Experiments With Machine Translation: The Perils Of Fluency

One of the most striking aspects of modern Neural Machine Translation (NMT) is the way in which even a small toy model, trained on just a small corpus, can yield human-like fluency in its production of target language prose. Even the smallest of models translating into a high-resource language like English can yield content that appears almost flawless at first glance. A closer inspection, however, reminds us that especially when translating from a low resource into a high resource language, the fluency is a result of the high resource target language, while the lack of training data in the source language can yield translations that are wildly inaccurate.

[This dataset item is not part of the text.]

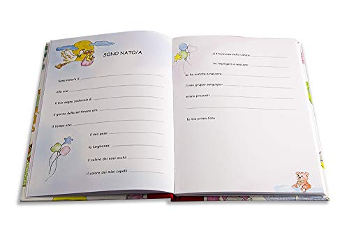 Interno composto da 32 pagine con illustrazioni a colori dove annotare tutti i ricordi del primo anno di vita della bimba

While BLEU and other scoring mechanisms are in theory designed to catch such imbalances and inaccuracies, the growing public exposure to machine translation and the greater visibility of fluency errors over translation errors means there has been an outsized emphasis on target language fluency prioritized over source language fidelity. In commercial systems in particular, target language fluency has become the highest priority, with modern SOTA systems restructuring the argument structure of the source text in its entirety, going far beyond grammatical and narrative normalization towards wholesale crafting of new prose out of whole cloth.

Such rewriting can be especially problematic when looking for specific phrasings or attempting to analyze contextual media framings, as a "radicalized terrorist on the national terrorism watchlist" becomes simply "a suspect" and a "mass casualty knife attack overwhelmed the ER, spilling into all available hallways, with many victims arriving deceased" becomes only "a few victims were treated for minor wounds," in which the translation entirely changes the meaning of the source text to the point that it no longer faithfully represents the meaning of the original material, despite having high English fluency.

As NMT systems place an ever-growing emphasis on fluency, it is critical that evaluations of such systems focus on scores that test their source material fidelity, rather than their target language fluency.